Enfin, un court passage concernant Pippi pourra aussi retenir notre attention.

” Varför sörja, varför klaga”, sa Pippi. ” Kom ner hit i stället ni också, så kan vi leka att vi försmäktar i en fängelsehåla.” (Lindgren, 2016: 60)

« A quoi bon pleurer ? dit Fifi. Descendez me retrouver, vous deux. Nous ferons semblant d’être des prisonniers qui se languissent dans un cachot. (Loewegren 1988 : 49)

- Pourquoi pleures-tu ? Allez venez me rejoindre. On va jouer aux prisonniers qui meurent de faim dans leur cachot. (Gnaedig, 2015 : 61)

On constate dans ce passage que dans la première version de la traduction le discours rapporté de Pippi est adouci, en comparaison avec la version plus récente de Gnaedig. On ne parle pas de prisonniers, qui privés de nourriture s’éteignent progressivement, mais plutôt – sous l’influence de la traductrice certainement, et peut être même de la maison d’édition – de langueur, conséquence de leur détention. On est donc en présence d’une réalité en quelque sorte idéalisée.

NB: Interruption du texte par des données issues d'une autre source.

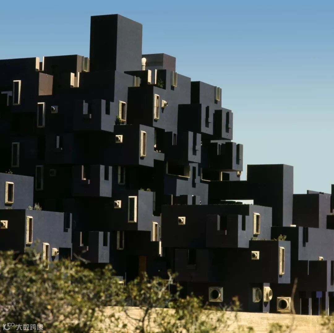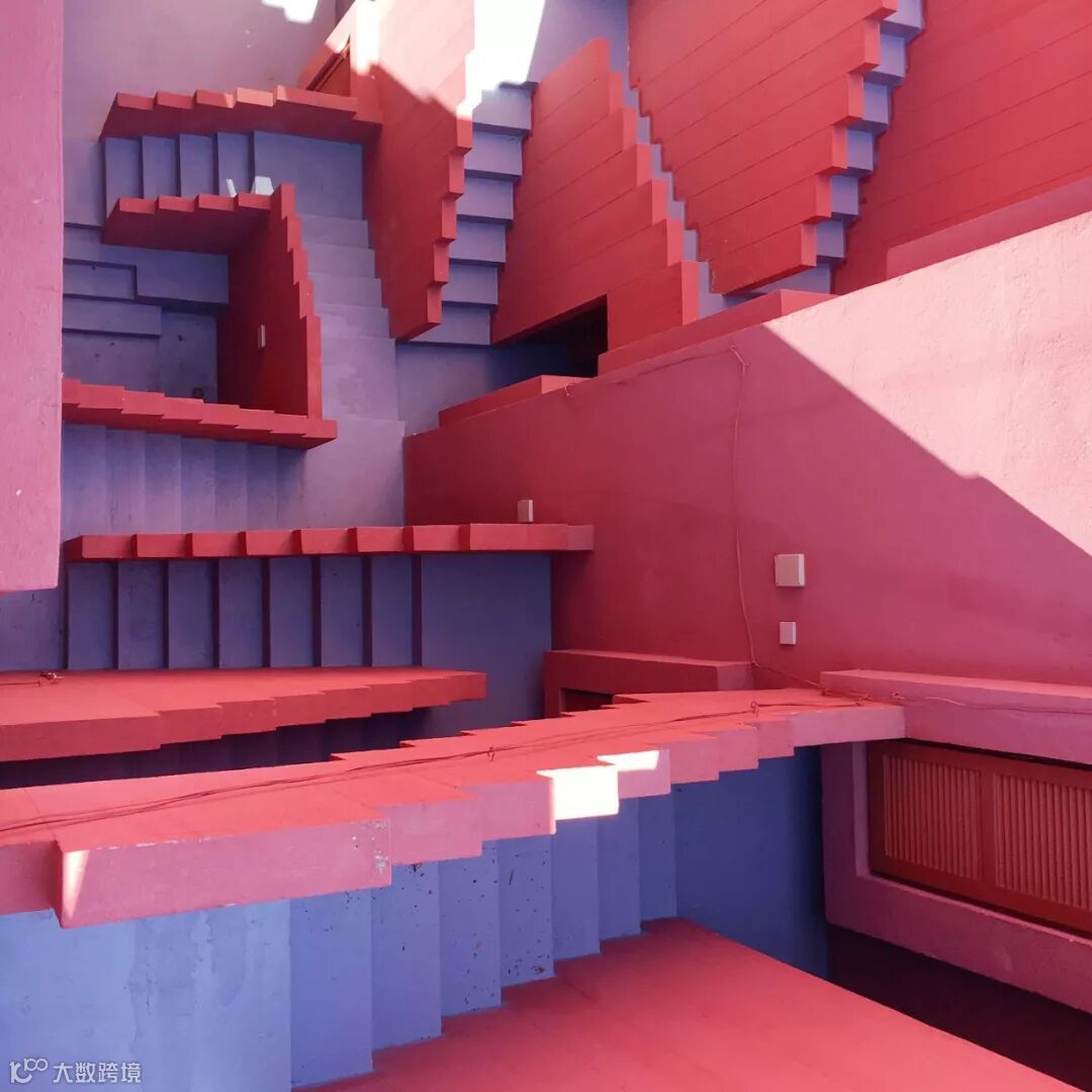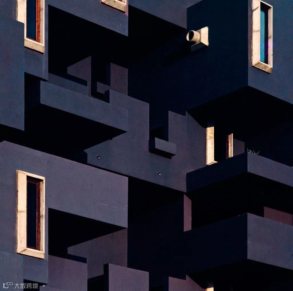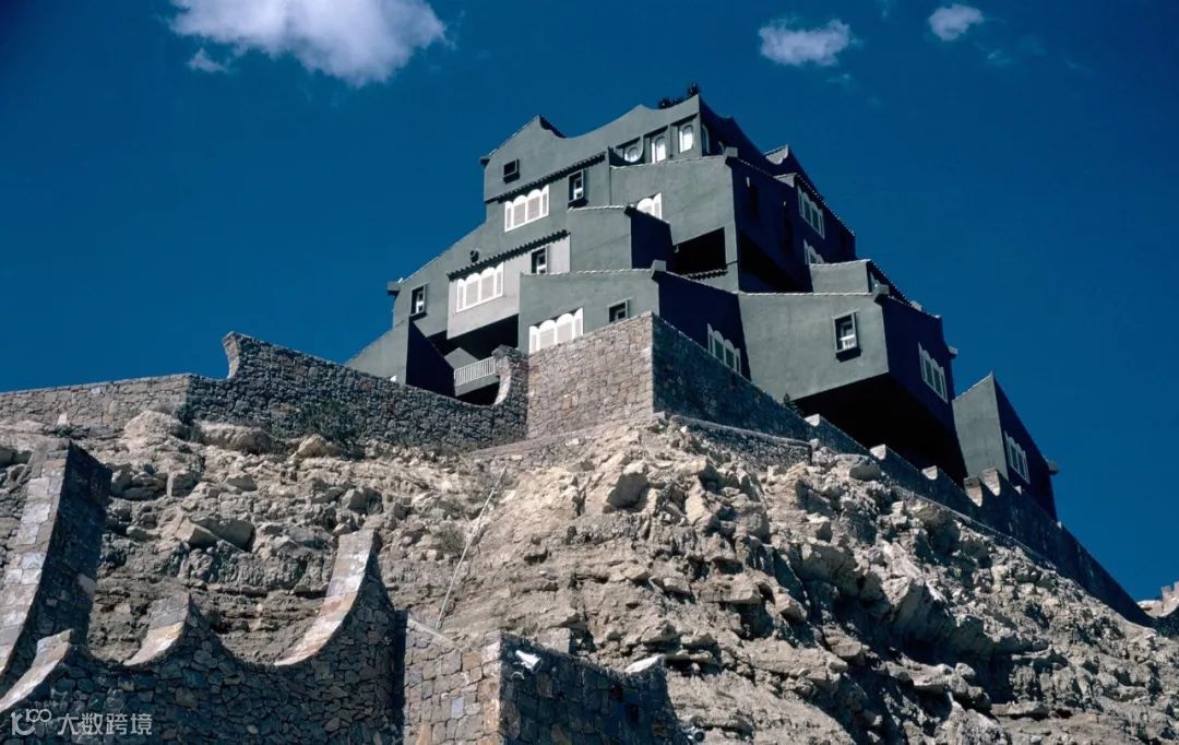 坐落于巴塞罗那郊外的 Sant Pere de Ribes 小镇,“卡夫卡城堡”是 Bofill 对 Franz Kakfa 的超现实主义致敬。这栋公寓楼建于1968年,耸立在山坡上,俯瞰着西斯基湾,深紫色的立方体和令人难以置信的角度构成了它膨胀的形体。

Ce que l’on peut constater avec ces différents passages, est qu’à plusieurs reprises la première traduction, en ayant recours à différents subterfuges, tente de masquer, parfois partiellement, parfois intégralement, différents aspects ou caractéristiques des personnages pouvant être jugées comme inconvenantes. Si l’enfant fait preuve de correction alors il ne doit pas cracher par terre, même pas de pépins de fruits, même en étant à l’extérieur. Il ne doit pas non plus mentir comme le fait Pippi même si le mensonge participe in fine à en retirer une leçon importante. Enfin, un enfant ne parle pas ou plutôt ne joue pas à simuler la mort. Sur ce dernier point, on pourra rappeler que le rapport à la mort tient une place importante dans l’œuvre de Lindgren, comme par exemple dans l’ouvrage Bröderna Lejonhjärta (en français Les Frères Cœur-de-lion).